Required work:
The reply to the records below should contain exactly the lines from the line with "Bộ bàn ghế ngoài" through the line with "الجدير بالذكر أن", and nothing besides.

── Data

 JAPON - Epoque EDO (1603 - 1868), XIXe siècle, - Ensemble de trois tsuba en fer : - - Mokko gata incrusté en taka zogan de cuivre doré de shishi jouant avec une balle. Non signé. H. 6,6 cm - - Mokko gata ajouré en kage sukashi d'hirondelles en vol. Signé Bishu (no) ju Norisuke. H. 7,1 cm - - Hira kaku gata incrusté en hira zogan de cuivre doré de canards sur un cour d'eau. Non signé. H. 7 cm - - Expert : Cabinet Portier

────
── Data

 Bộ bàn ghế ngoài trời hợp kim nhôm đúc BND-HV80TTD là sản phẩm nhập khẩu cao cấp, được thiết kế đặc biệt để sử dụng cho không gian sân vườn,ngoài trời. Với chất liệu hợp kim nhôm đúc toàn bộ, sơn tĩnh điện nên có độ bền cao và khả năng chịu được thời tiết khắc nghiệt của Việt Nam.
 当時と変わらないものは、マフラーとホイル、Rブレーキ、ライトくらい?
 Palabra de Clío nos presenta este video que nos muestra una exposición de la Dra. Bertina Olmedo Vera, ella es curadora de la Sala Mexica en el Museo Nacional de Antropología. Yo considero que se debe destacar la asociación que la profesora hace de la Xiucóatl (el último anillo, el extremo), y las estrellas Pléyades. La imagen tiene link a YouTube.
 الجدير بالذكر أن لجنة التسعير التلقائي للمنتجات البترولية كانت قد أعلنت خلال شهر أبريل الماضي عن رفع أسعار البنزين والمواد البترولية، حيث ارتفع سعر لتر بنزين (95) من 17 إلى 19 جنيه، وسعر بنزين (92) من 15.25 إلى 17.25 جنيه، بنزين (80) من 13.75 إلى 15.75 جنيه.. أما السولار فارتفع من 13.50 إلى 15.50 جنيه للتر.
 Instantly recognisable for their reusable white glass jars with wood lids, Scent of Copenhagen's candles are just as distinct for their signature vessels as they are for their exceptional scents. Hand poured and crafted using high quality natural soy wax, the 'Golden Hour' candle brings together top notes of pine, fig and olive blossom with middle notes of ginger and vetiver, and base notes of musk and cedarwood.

────

Answer box:
 Bộ bàn ghế ngoài trời hợp kim nhôm đúc BND-HV80TTD là sản phẩm nhập khẩu cao cấp, được thiết kế đặc biệt để sử dụng cho không gian sân vườn,ngoài trời. Với chất liệu hợp kim nhôm đúc toàn bộ, sơn tĩnh điện nên có độ bền cao và khả năng chịu được thời tiết khắc nghiệt của Việt Nam.
 当時と変わらないものは、マフラーとホイル、Rブレーキ、ライトくらい?
 Palabra de Clío nos presenta este video que nos muestra una exposición de la Dra. Bertina Olmedo Vera, ella es curadora de la Sala Mexica en el Museo Nacional de Antropología. Yo considero que se debe destacar la asociación que la profesora hace de la Xiucóatl (el último anillo, el extremo), y las estrellas Pléyades. La imagen tiene link a YouTube.
 الجدير بالذكر أن لجنة التسعير التلقائي للمنتجات البترولية كانت قد أعلنت خلال شهر أبريل الماضي عن رفع أسعار البنزين والمواد البترولية، حيث ارتفع سعر لتر بنزين (95) من 17 إلى 19 جنيه، وسعر بنزين (92) من 15.25 إلى 17.25 جنيه، بنزين (80) من 13.75 إلى 15.75 جنيه.. أما السولار فارتفع من 13.50 إلى 15.50 جنيه للتر.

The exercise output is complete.